> _EXTRACTED MATERIAL_
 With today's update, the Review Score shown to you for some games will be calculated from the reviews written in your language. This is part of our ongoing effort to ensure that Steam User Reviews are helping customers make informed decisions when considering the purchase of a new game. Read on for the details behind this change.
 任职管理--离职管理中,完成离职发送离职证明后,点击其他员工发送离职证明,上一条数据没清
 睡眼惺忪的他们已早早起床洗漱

--

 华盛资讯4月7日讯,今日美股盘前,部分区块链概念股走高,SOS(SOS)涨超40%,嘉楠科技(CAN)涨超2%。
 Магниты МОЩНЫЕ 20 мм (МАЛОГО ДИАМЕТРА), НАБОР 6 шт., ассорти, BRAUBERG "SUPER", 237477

> _WHAT TO DO_
Could you return exactly the stretch of the data above that starts at the line with "华盛资讯4月7日讯,今日美股" and ends at the line with "Магниты МОЩНЫЕ 20", both lines included?

> _ANSWER AREA_
 华盛资讯4月7日讯,今日美股盘前,部分区块链概念股走高,SOS(SOS)涨超40%,嘉楠科技(CAN)涨超2%。
 Магниты МОЩНЫЕ 20 мм (МАЛОГО ДИАМЕТРА), НАБОР 6 шт., ассорти, BRAUBERG "SUPER", 237477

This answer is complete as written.